Bild: „Spiegel“-Chef Brinkbäumer sucht das Kaffeearoma in der Ferne
Shalömchen taz-Medienredaktion!
Wie angekündigt, melde ich mich heute aus Israel, einem kleinen Land mit
viel Knall. Nun ist es ja nicht so, dass nur hier Dinge geschehen, von
denen mein Opa gesagt hätte: „Sachen gibt's, die gibt's gar nicht“. Nein,
völlig irre Dinge passieren auch in Deutschland, weswegen ich mich
entschieden habe, die online-Ausgabe dieser hübschen Kolumne als extended
Version anzulegen. Das bedeutet, für die Holzklasse wird’s monoländarisch,
während es in der Stromabteilung mit viel G&J- und Spiegel-Gaga weitergeht.
Also, Israel. Ich hatte angenommen, dass ich mich zu diesem Zeitpunkt, am
vierten Tag, unterwegs mit der Bundeszentrale für politische Bildung, gar
nicht retten könnte vor Infos. Zumal wir so schöne Termine hatten, wie die
Korrespondenten von ARD, ZDF, der Zeit und der Welt zu treffen. Aber, was
soll man sagen? Außer mir hatte keiner Lust, was über das
Korrespondentendasein zu erfahren.
Darüber, was man so als staatstreuer ZDF-Mann sagen darf und was nicht. Und
ob es nicht etwas eigenartig ist, wenn man sich als Journalist des
Weltenretters Axel Springer verpflichtet, für „die Unterstützung der
Lebensrechte des israelischen Volkes“ einzutreten. Eine Leitlinie, gegen
die „kein Journalist des Hauses ungestraft verstoßen darf“ – ungeachtet
dessen, dass auch ich den Anspruch eines jeden Volkes auf ein Lebensrecht
nicht infrage stellen möchte. Nee, darauf hatte irgendwie keiner Bock.
Stattdessen haben vier Korrespondenten und ein Psychiater in jeweils
gefühlten 87 Minuten ihre Sicht der Koalitionsbildung in Israel dargelegt.

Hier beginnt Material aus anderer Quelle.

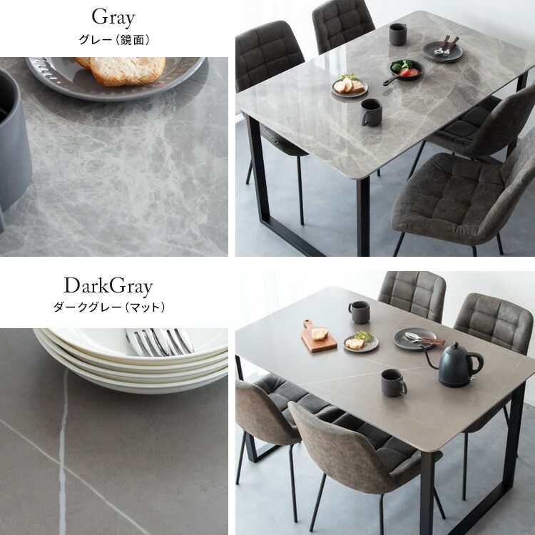 The table is available in three colors to choose from: mirror-finished white, gray, and matte dark gray, and the chairs are available in four colors: white and dark gray for the PU leather type, and ivory and light gray for the velvet type. Available as a 5-piece set including a table and 4 chairs, as a stand-alone table, or as 2 chairs.
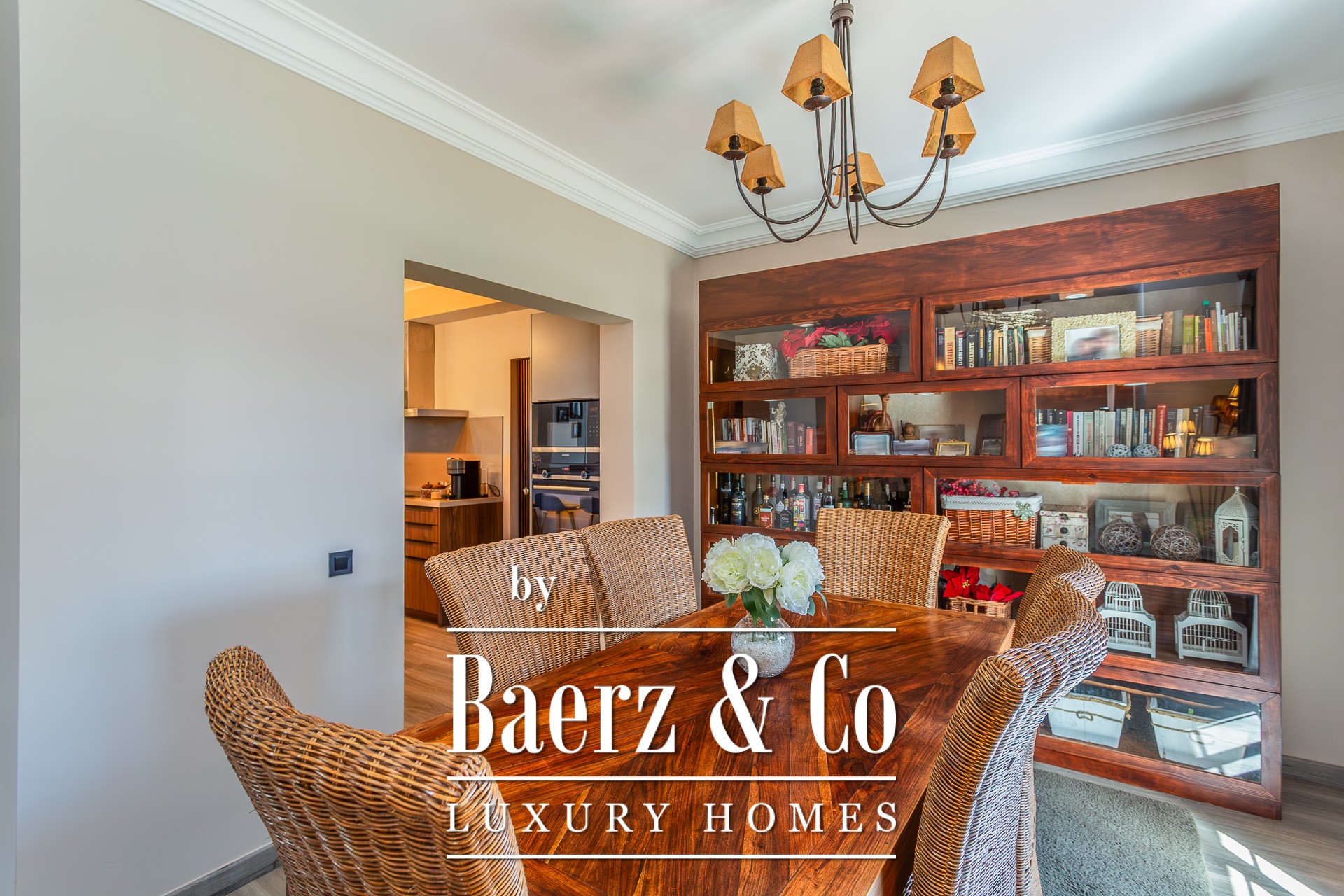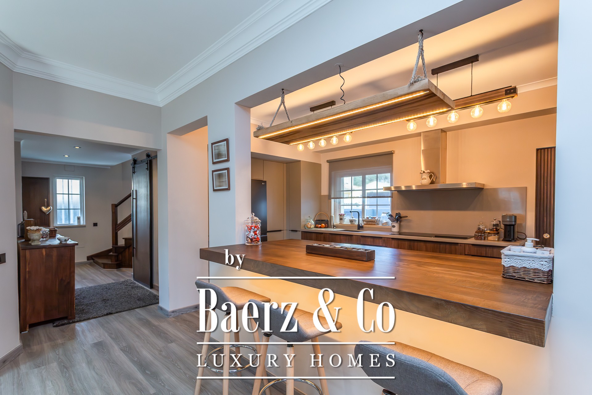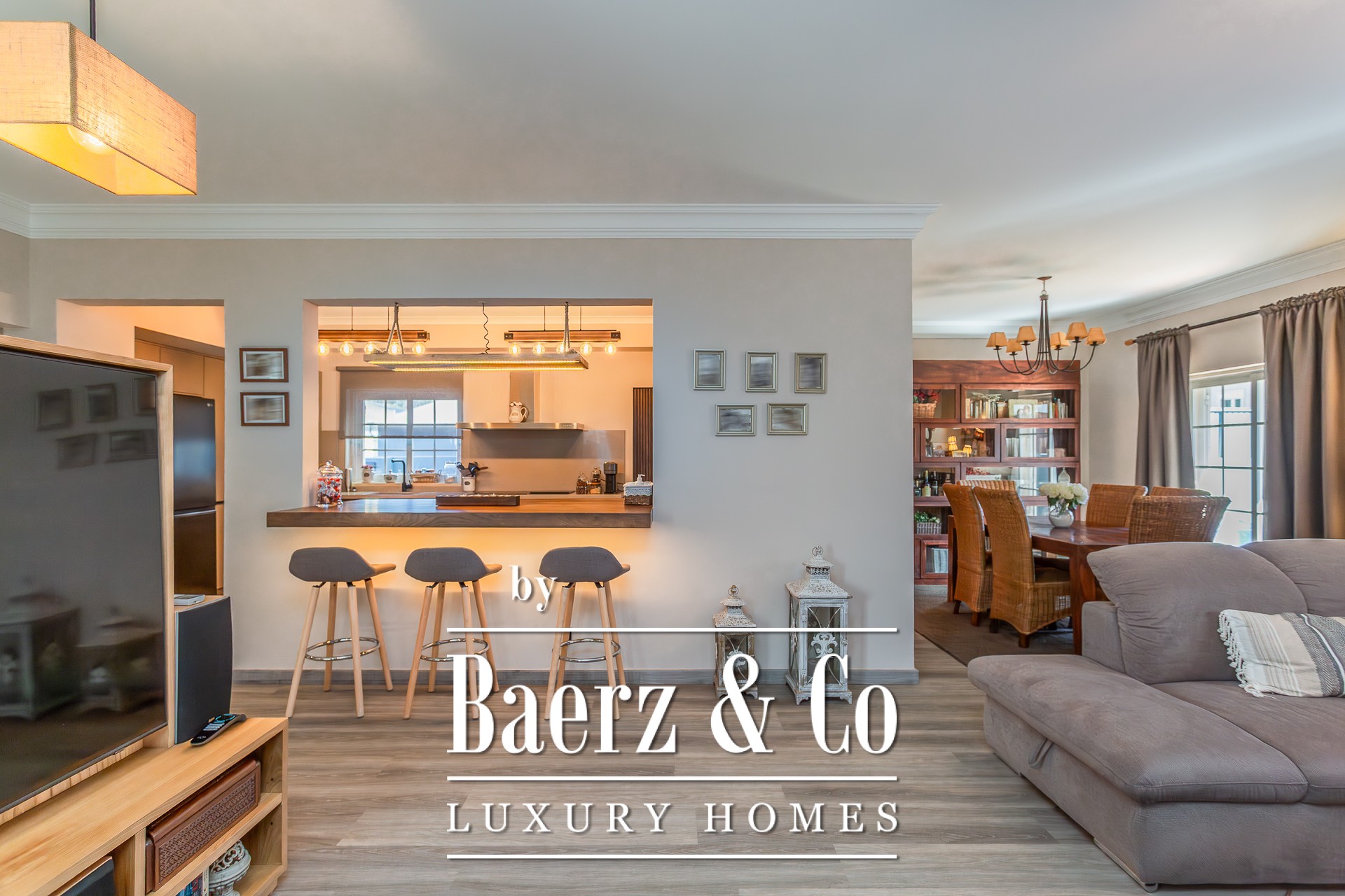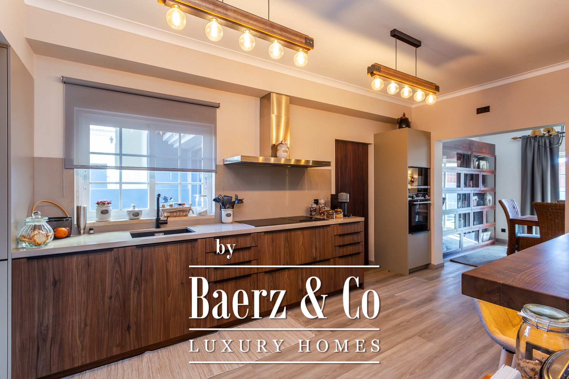 This charming detached 3+1-bedroom villa, located on a quiet cul-de-sac in Murches, offers privacy and comfort in a peaceful setting. On the ground floor, the residence features a welcoming entrance hall, a functional office, and a guest bathroom. The spacious living and dining area, complete with a fireplace, seamlessly integrates with the modern open-plan kitchen, the highlight of this home. Boasting a contemporary design and top-of-the-line appliances from the prestigious German brand Gaggenau, the kitchen provides a sophisticated and practical space for everyday living. All areas on this floor enjoy views or direct access to the garden, where the heated saltwater pool

Und sich dann gefühlte 59 Minuten lang gegenseitig ergänzt, bevor 27
Minuten lang einander widersprochen wurde.
## Das Perle-vor-die-Säue-Happening
Ich glaube, mich finden nun alle doof. Was an sich nicht schlimm ist, aber
etwas unglücklich, wenn man keinen Helm dabei hat, den man über den Kopf
ziehen kann, um versteckt unter der Krempe, Mandalas zu malen.
Heute war es etwas lustiger. Wir trafen in Kleingruppen interessante Denker
und ich war da, wo Haim Yavin war, der Joachim Friedrichs Israels. Dass wir
hier die Top-of-the-Pops-Auswahl am Tisch hatten, war in unserer meschuggen
Gruppe keinem klar, bis die Kellnerin eine nicht bestellte Flasche Sekt
brachte, „Weil wir Haim so lieben!“ und der Gast vom Nebentisch im
Hinausgehen das Perle-vor-die-Säue-Happening mit den Worten bedachte: „Ihr
habt hier den Tom Broker Israels sitzen!“
Es war endlich mal etwas spaßig, obwohl der sympathische Kollege von der
Sendung mit der Maus so blöd war, die Gesprächsrunde mit der Frage zu
eröffnen, wie Yavin den Ausgang der Koalitionsbildung einschätze. Was
dieser allerdings in einer Zeit unter acht Minuten beantworten konnte.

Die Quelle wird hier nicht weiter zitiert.